What is a Linear Operator?

A linear operator is a generalization of a matrix. It is a linear function that is defined in by its application to a vector. The most common linear operators are (potentially structured) matrices, where the function applying them to a vector are (potentially efficient) matrix-vector multiplication routines.

In code, a LinearOperator is a class that

  1. specifies the tensor(s) needed to define the LinearOperator,

  2. specifies a _matmul function (how the LinearOperator is applied to a vector),

  3. specifies a _size function (how big is the LinearOperator if it is represented as a matrix, or batch of matrices), and

  4. specifies a _transpose_nonbatch function (the adjoint of the LinearOperator).

  5. (optionally) defines other functions (e.g. logdet, eigh, etc.) to accelerate computations for which efficient sturcture-exploiting routines exist.

For example:

class DiagLinearOperator(linear_operator.LinearOperator):
    A LinearOperator representing a diagonal matrix.
    def __init__(self, diag):
        # diag: the vector that defines the diagonal of the matrix
        self.diag = diag

    def _matmul(self, v):
        return self.diag.unsqueeze(-1) * v

    def _size(self):
        return torch.Size([*self.diag.shape, self.diag.size(-1)])

    def _transpose_nonbatch(self):
        return self  # Diagonal matrices are symmetric

    # this function is optional, but it will accelerate computation
    def logdet(self):
        return self.diag.log().sum(dim=-1)
# ...

D = DiagLinearOperator(torch.tensor([1., 2., 3.])
# Represents the matrix
#   [[1., 0., 0.],
#    [0., 2., 0.],
#    [0., 0., 3.]]
torch.matmul(D, torch.tensor([4., 5., 6.])
# Returns [4., 10., 18.]

While _matmul, _size, and _transpose_nonbatch might seem like a limited set of functions, it turns out that most functions on the torch and torch.linalg namespaces can be efficiently implemented using only these three primitative functions.

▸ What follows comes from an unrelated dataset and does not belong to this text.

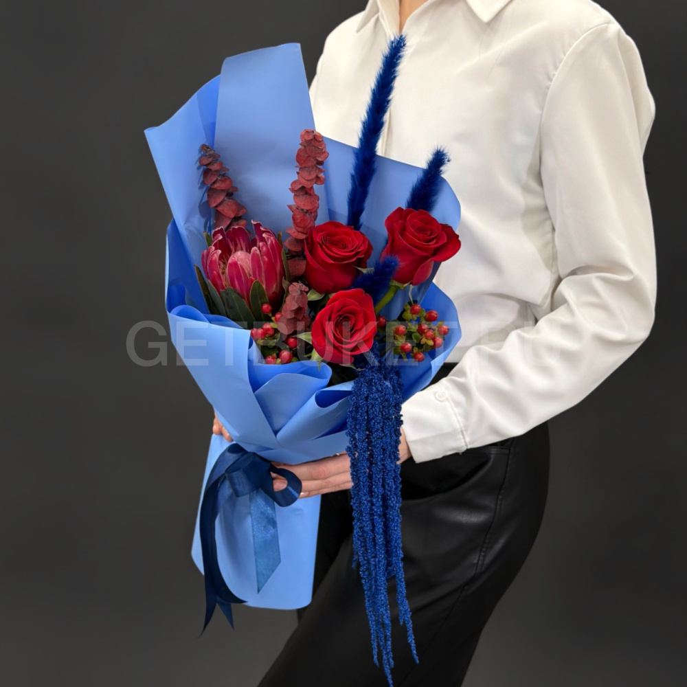 Букет из роз и голубой гортензии с танацетумом8 480 ₽Букет из роз и голубой гортензии с танацетумом 8 480 ₽ -
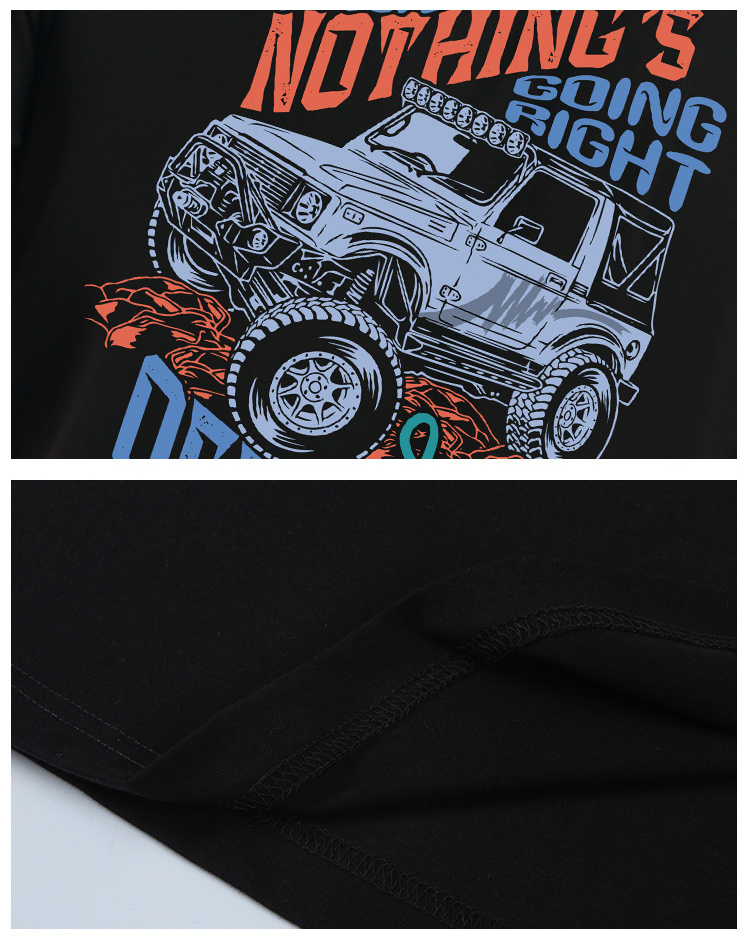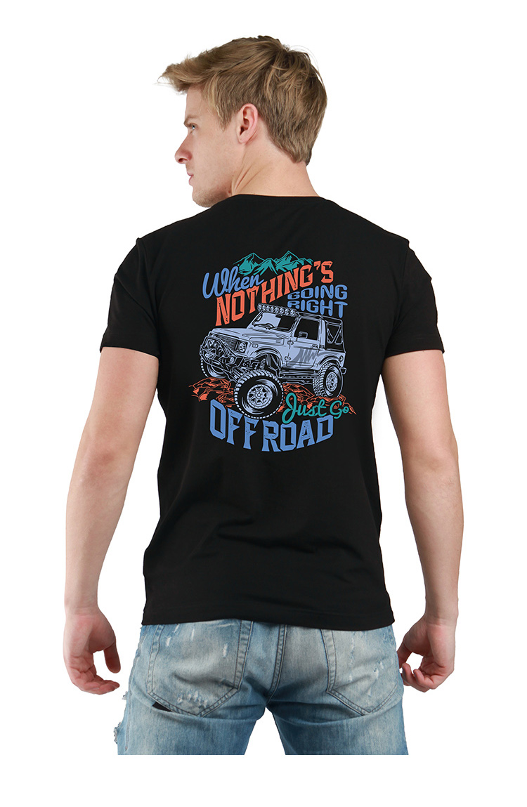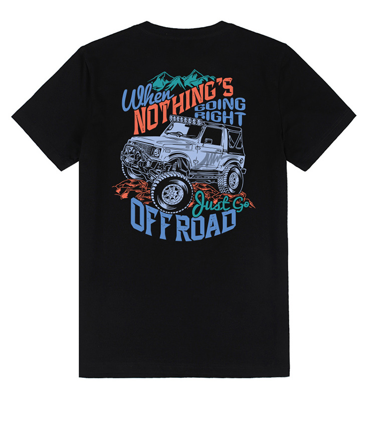 自由基地简约个性越野车图案印花户外休闲T恤夏季潮流复古机车衫 NMT-1663

Moreover, because _matmul is a linear function, it is very easy to compose linear operators in various ways. For example: adding two linear operators (SumLinearOperator) just requires adding the output of their _matmul functions. This makes it possible to define very complex compositional structures that still yield efficient linear algebraic routines.

Finally, LinearOperator objects can be composed with one another, yielding new LinearOperator objects and automatically keeping track of algebraic structure after each computation. As a result, users never need to reason about what efficient linear algebra routines to use (so long as the input elements defined by the user encode known input structure).